Think again about your comfort but also the features you have enjoyed, maybe you appreciate large pockets and have a preference for weight and trim pockets. This is why it’s good to get diving first, so you know what you like.
Regulators deliver your air and so are all about the ease of delivery. Simply put, the more expensive the regulator, the easier it will claim to breathe.
Centers often have some options that you can take out for a dive so that you can try before you buy and feel the difference.
Again you could spend up to US$2000 on this bit of kit yet the other end of the range is US$300.
Dive centers will often package BCD and regulator sets.
Next come your accessories like a dive bag, slate, torch, knife, and SMB. Again there’s quite a range in cost but do remember, dive bag aside, these things are easily lost, and you shouldn’t spend more on them than you are willing to lose. No knife is worth risking your life to retrieve!
How Can I Get Value For Money When Buying Scuba Gear?
You don’t want to skimp but spending unnecessary dollars on an item just because of its titanium finish is a bit silly. You could spend that money on diving instead. Further, there are some bargains to be had. Retailers often reduce end of line items when the manufacturers revise their models. There’s nothing wrong with the ‘old’ models; the retailer will only have room for a certain number of lines and will want to sell them off to make space.
Dive shows are also great places to pick up a bargain; the competition for your hard earned dollars is high, and this drives some great prices. If you can control yourself to the final few hours to make your purchases, even better, most would prefer to sell their stock than pack it up and take it home. You do run the risk of the item being out of stock, but it is worth a go.

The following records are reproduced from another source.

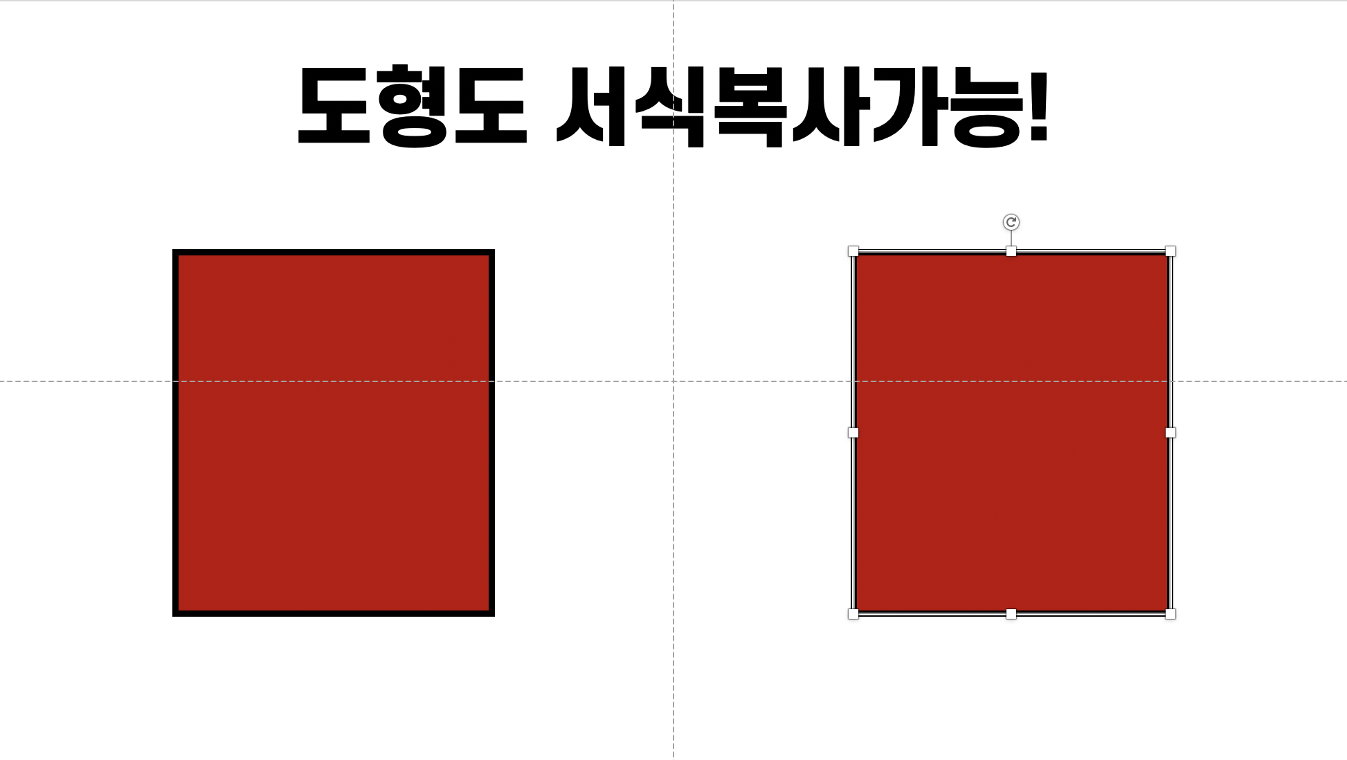 위에서 사용되는 단축키는 폰트뿐만아니라 파워포인트 대부분의 기능에 적용할 수 있다는 사실! 저도 작업 하다가 실수로 눌러서 알게되었어요. 왼쪽의 빨간 네모에 검정색 선으로 둘러진 사각형을 오른쪽에 그대로 적용할 때도 서식 복사와 붙여넣기 단축키를 사용합니다.
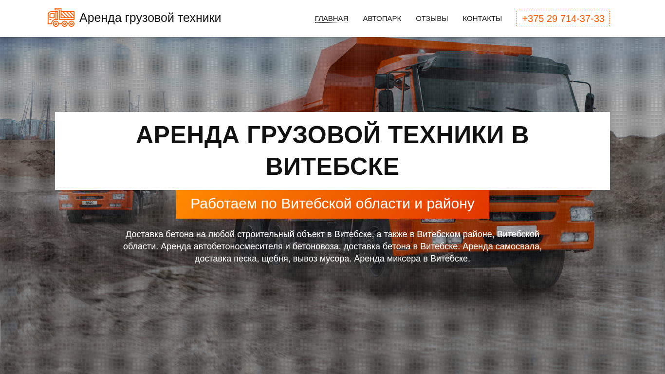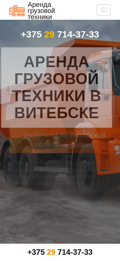 | SEO-описание | Аренда грузовой техники для перевозки сыпучих грузов и бетона по Витебску и области. Заявки по телефону +375 29 714-37-33 |
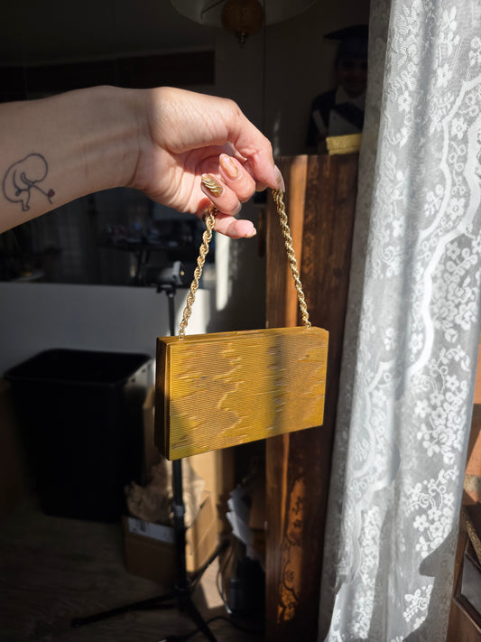 Vintage Evans Gold Toned Metal Compact/ Makeup Handbag Wristlet Solid Rope Chain Handle
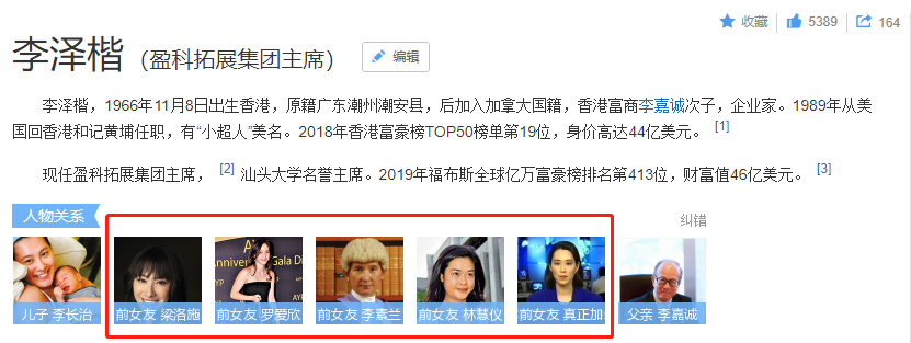 54岁的李泽楷,2018年福布斯身家340亿港币,可多年来一直保持只恋爱不结婚的习惯,网上随便搜搜他的资料,也能顺势给列出众多前女友一排。
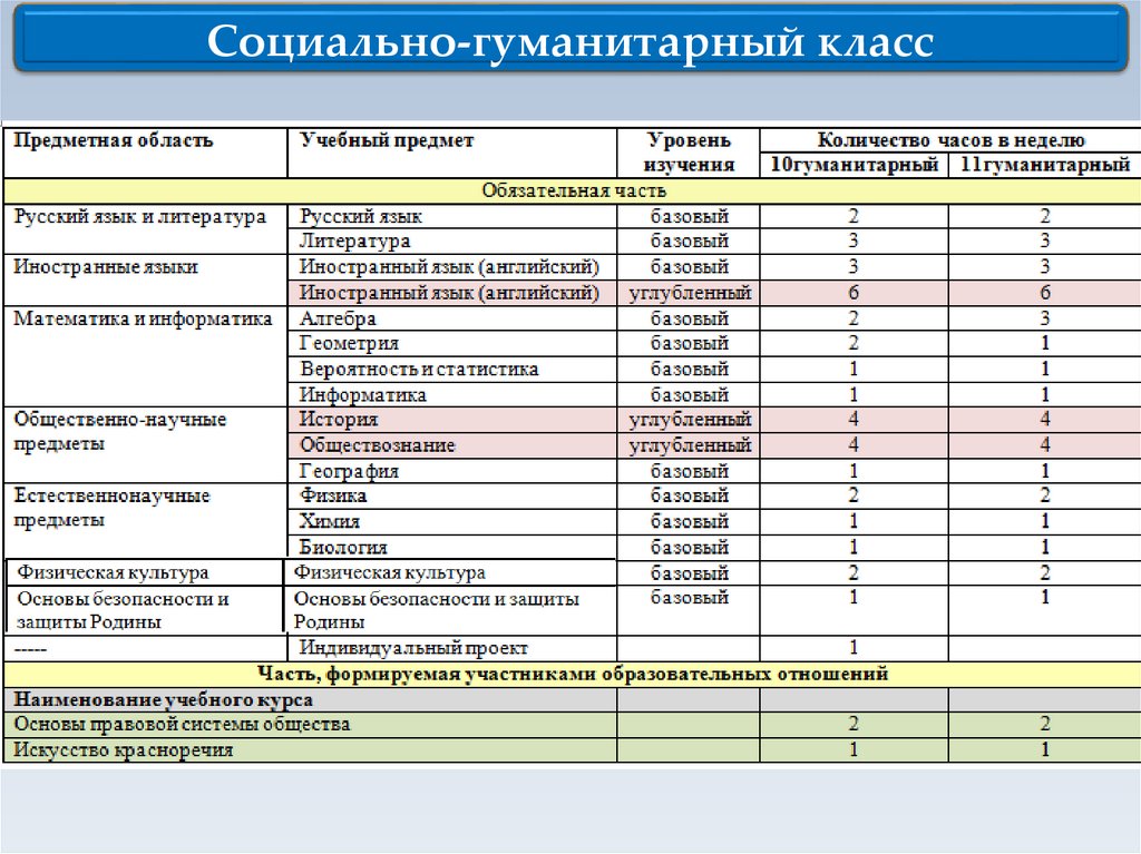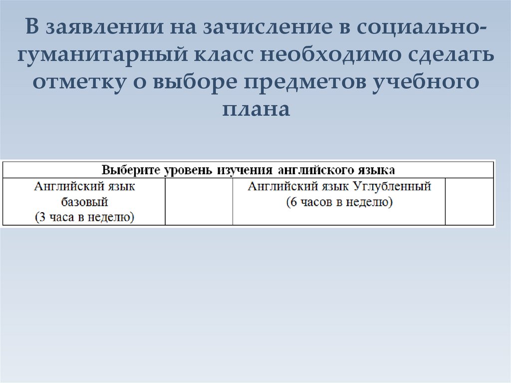 В заявлении на зачисление в социальногуманитарный класс необходимо сделатьотметку о выборе предметов учебного

Another thing to watch out for is a center replacing their rental kit. When they do this, the old rental gear will be sold off at bargain prices. Some centers replace their gear annually! If you’re diving with this center, you will have some familiarity with the kit and their standards. Regardless, in cases like this, you should find that the gear comes fully serviced.

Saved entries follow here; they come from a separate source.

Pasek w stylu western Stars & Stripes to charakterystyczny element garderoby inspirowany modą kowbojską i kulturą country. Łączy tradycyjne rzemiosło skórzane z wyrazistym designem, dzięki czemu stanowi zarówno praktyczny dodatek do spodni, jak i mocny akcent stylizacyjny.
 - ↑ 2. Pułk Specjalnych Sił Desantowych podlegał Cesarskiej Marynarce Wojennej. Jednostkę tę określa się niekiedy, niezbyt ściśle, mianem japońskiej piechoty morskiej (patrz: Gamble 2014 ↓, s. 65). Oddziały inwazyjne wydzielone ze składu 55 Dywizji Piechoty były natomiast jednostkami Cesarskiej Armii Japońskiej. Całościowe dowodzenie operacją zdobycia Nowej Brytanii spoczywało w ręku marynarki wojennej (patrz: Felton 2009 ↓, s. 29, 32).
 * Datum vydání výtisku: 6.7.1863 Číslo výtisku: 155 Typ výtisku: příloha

Can I Buy Scuba Gear In Stages?
Do remember you don’t need everything straight away and in fact, you don’t need to buy everything ever! For sure you need a certification if you are going to get the most out of diving and you are most likely to want to take further training too.
Your advanced course is going to cost US$300-500.

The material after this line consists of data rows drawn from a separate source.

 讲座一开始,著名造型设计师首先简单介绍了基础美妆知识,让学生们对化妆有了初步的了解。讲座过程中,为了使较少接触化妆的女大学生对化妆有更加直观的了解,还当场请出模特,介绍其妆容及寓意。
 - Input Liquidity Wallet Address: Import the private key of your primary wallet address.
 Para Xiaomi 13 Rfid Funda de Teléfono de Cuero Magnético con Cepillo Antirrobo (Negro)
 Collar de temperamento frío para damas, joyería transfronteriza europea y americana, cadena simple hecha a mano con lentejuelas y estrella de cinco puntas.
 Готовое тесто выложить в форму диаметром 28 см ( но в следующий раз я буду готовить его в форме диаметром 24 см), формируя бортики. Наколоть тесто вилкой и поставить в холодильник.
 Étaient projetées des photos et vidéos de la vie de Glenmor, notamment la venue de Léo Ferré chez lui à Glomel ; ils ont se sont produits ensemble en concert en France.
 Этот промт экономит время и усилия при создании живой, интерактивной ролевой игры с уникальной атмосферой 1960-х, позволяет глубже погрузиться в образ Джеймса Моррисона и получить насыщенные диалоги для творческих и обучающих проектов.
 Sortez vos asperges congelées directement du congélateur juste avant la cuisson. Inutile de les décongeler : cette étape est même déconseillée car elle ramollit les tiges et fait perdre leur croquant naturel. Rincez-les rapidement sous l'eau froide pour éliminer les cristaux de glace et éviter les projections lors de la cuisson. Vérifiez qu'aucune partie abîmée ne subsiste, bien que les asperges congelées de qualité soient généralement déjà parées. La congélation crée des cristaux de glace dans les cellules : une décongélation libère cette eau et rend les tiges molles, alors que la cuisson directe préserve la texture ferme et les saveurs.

A comfortable set of mask, snorkel, and fins would be your minimum investment in gear. What you buy next depends on where you are going to dive. If you are only going to dive on holiday once or maybe twice a year, consider if it’s worth buying any more gear at all as this will entail carrying with you, paying excess luggage costs and servicing annually. In this case, you might just choose to invest in a wetsuit and maybe a computer and some accessories that you find useful as these are often not available to rent.
If, on the other hand, there’s a thriving dive community close to home and you will dive regularly then investing in gear makes sense. It will pay for itself in rental cost savings and ensure a greater level or comfort and confidence due to the familiarity you have with it.
While scuba diving is not cheap, none of us choose a hobby based on its cost. We choose based on our interest and desire. There is a cost of entry, but this can be tailored to both your budget and the frequency you are going to indulge.